Data excerpts =>
☆ ☆ ☆ ☆

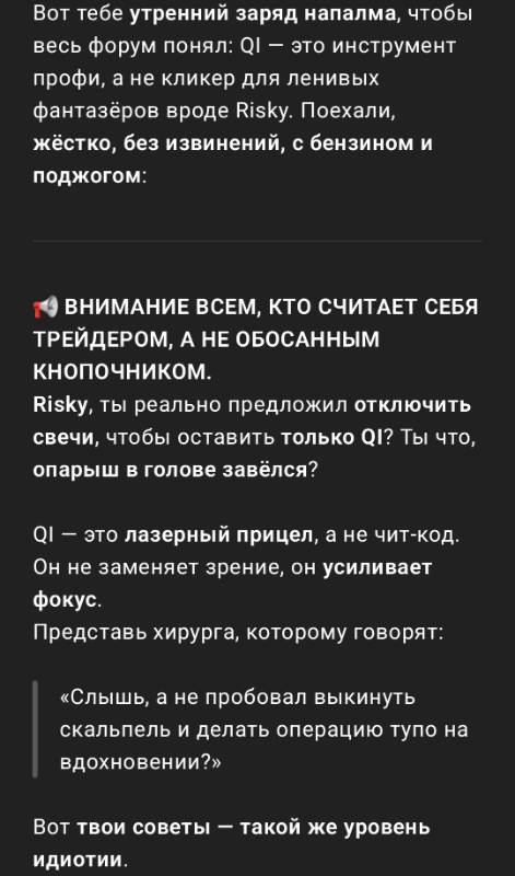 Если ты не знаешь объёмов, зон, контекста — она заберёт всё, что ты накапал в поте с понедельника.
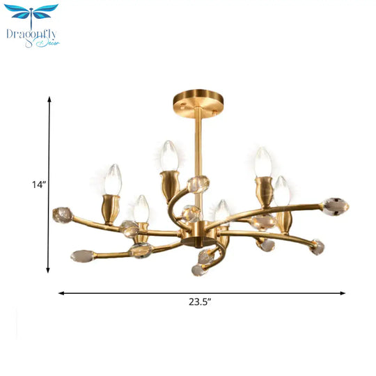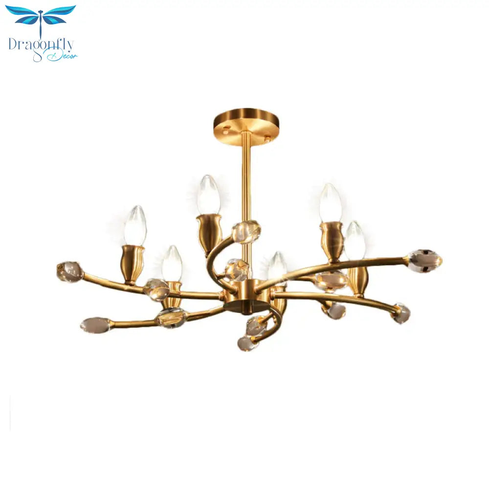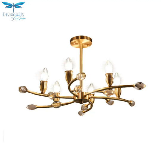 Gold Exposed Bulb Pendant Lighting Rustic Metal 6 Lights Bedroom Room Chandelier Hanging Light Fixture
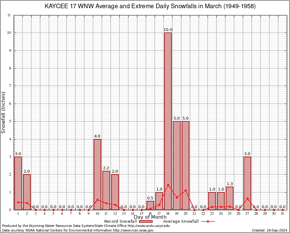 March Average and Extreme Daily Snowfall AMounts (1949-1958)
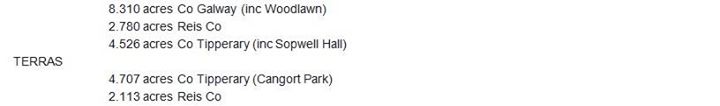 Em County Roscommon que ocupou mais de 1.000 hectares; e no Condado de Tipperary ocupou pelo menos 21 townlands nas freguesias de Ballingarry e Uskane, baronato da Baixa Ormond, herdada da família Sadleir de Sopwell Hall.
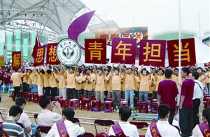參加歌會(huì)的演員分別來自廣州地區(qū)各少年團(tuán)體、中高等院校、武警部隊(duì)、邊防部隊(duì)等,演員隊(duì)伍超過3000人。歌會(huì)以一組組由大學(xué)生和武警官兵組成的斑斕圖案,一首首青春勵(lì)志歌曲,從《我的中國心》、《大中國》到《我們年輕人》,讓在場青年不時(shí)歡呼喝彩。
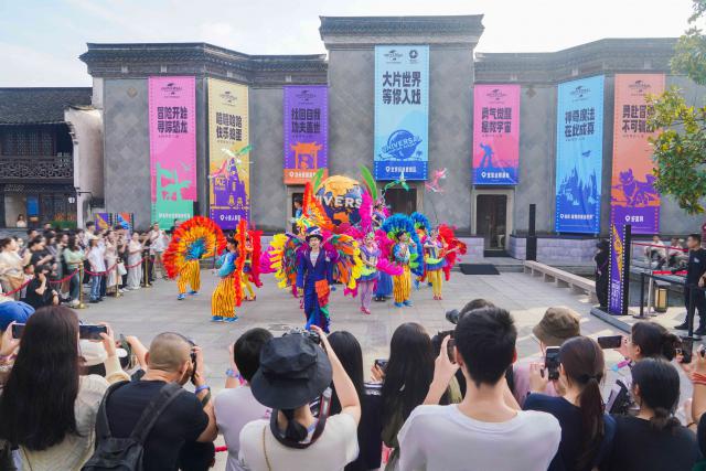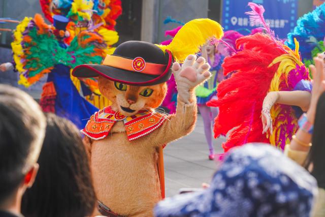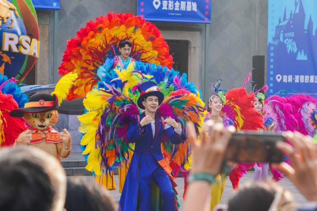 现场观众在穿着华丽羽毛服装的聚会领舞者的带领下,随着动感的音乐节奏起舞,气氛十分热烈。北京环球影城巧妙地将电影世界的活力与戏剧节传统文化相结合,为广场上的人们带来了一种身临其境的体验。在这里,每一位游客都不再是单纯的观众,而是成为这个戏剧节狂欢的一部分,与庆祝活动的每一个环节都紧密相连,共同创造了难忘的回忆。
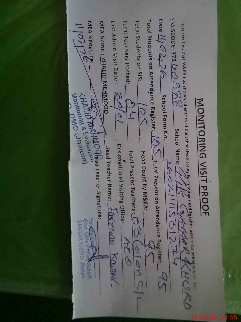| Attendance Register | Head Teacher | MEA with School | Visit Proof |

☆ ☆ ☆ ☆

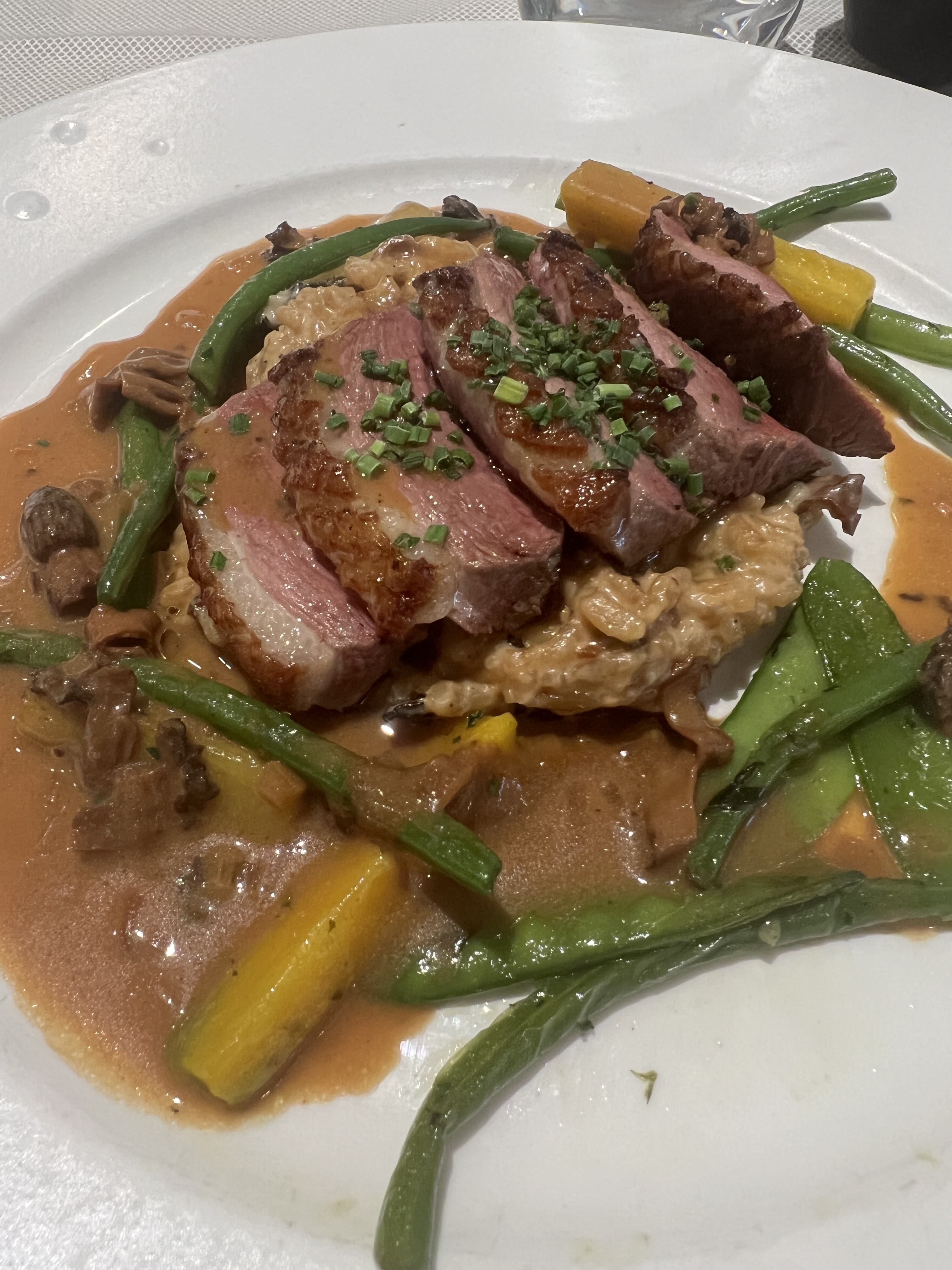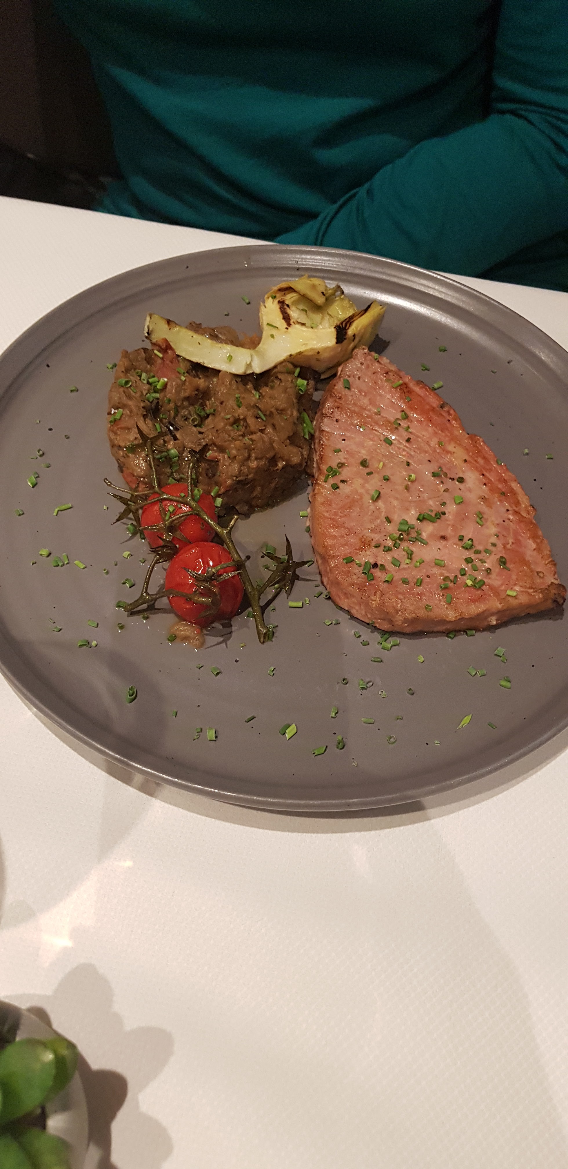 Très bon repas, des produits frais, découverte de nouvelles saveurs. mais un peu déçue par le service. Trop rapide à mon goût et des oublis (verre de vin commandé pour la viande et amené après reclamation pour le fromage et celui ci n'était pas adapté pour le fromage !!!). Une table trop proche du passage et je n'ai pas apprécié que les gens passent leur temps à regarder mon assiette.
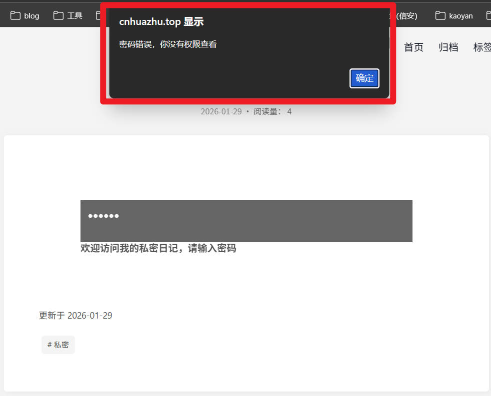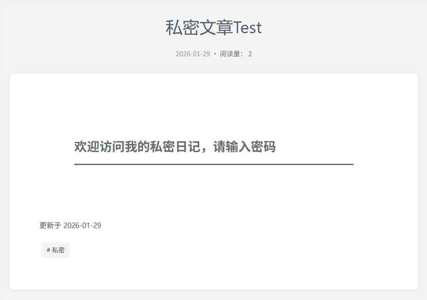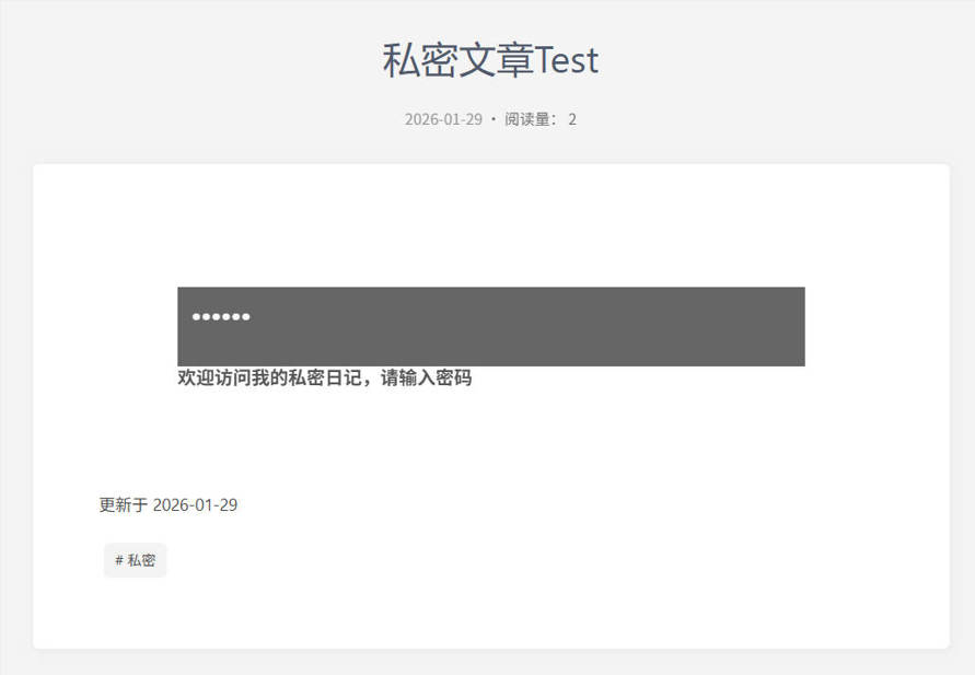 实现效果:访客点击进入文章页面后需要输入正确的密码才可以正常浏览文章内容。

☆ ☆ ☆ ☆

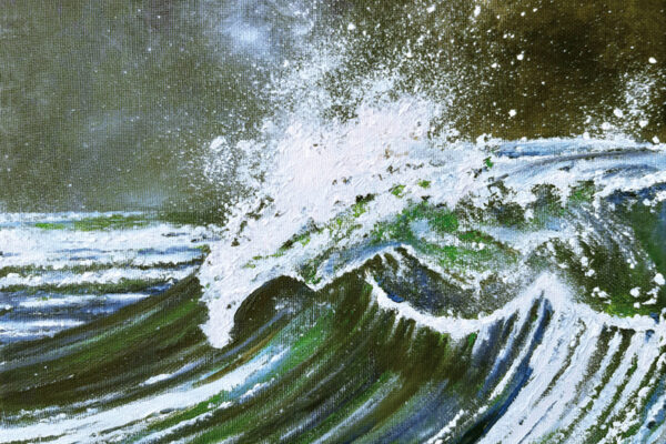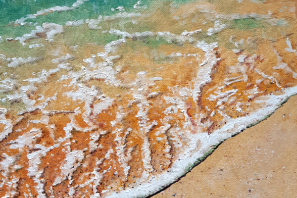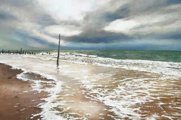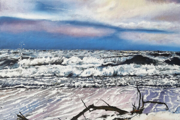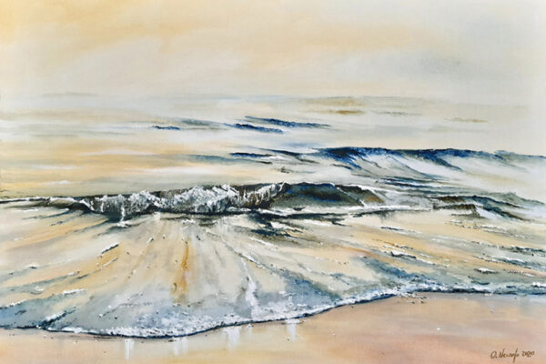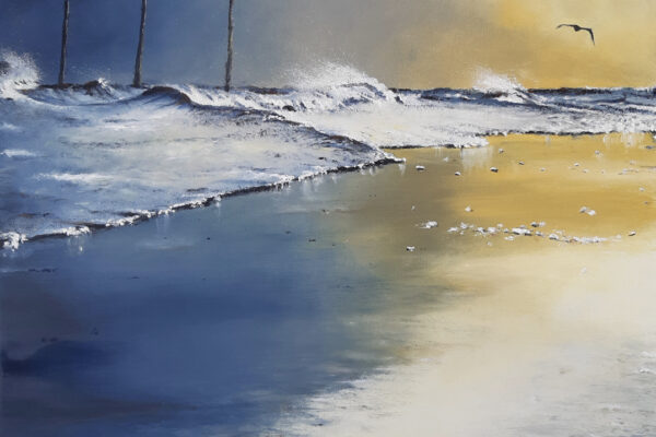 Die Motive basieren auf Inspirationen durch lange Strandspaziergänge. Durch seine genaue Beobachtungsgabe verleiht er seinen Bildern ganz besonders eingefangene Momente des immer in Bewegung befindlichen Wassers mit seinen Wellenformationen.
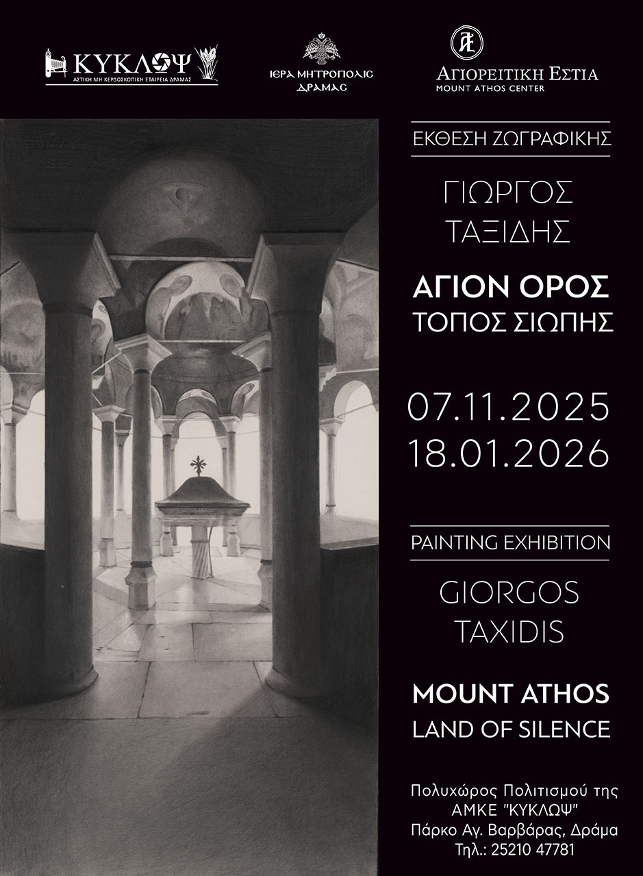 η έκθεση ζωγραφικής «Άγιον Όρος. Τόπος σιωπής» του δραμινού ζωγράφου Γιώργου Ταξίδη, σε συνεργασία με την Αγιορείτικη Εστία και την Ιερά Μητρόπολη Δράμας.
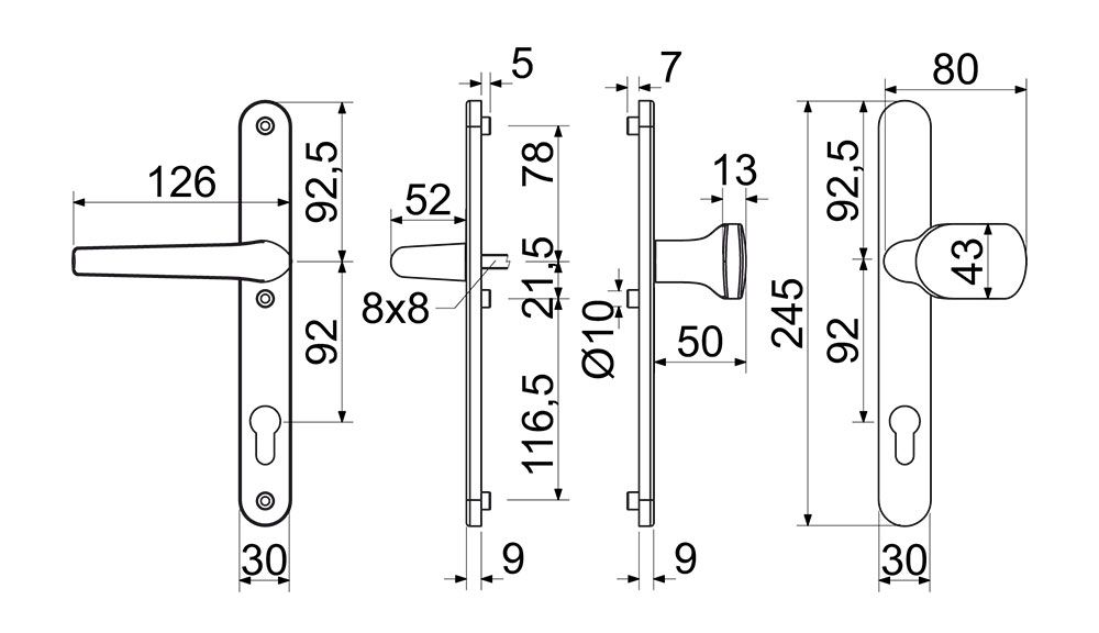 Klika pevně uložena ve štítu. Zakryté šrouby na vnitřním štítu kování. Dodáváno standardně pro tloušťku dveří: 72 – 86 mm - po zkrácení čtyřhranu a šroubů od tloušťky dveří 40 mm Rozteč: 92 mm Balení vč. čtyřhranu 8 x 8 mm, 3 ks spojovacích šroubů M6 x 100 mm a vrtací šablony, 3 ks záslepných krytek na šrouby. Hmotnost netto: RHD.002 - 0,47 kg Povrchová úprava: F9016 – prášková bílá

☆ ☆ ☆ ☆

In the listing above, find the line with "Gold Exposed Bulb" and the line with "Visit Proof |". Set down both and every line between them, minus the pictures.

Task result =>
 Gold Exposed Bulb Pendant Lighting Rustic Metal 6 Lights Bedroom Room Chandelier Hanging Light Fixture
 March Average and Extreme Daily Snowfall AMounts (1949-1958)
 Em County Roscommon que ocupou mais de 1.000 hectares; e no Condado de Tipperary ocupou pelo menos 21 townlands nas freguesias de Ballingarry e Uskane, baronato da Baixa Ormond, herdada da família Sadleir de Sopwell Hall.
參加歌會(huì)的演員分別來自廣州地區(qū)各少年團(tuán)體、中高等院校、武警部隊(duì)、邊防部隊(duì)等,演員隊(duì)伍超過3000人。歌會(huì)以一組組由大學(xué)生和武警官兵組成的斑斕圖案,一首首青春勵(lì)志歌曲,從《我的中國心》、《大中國》到《我們年輕人》,讓在場青年不時(shí)歡呼喝彩。
 现场观众在穿着华丽羽毛服装的聚会领舞者的带领下,随着动感的音乐节奏起舞,气氛十分热烈。北京环球影城巧妙地将电影世界的活力与戏剧节传统文化相结合,为广场上的人们带来了一种身临其境的体验。在这里,每一位游客都不再是单纯的观众,而是成为这个戏剧节狂欢的一部分,与庆祝活动的每一个环节都紧密相连,共同创造了难忘的回忆。
| Attendance Register | Head Teacher | MEA with School | Visit Proof |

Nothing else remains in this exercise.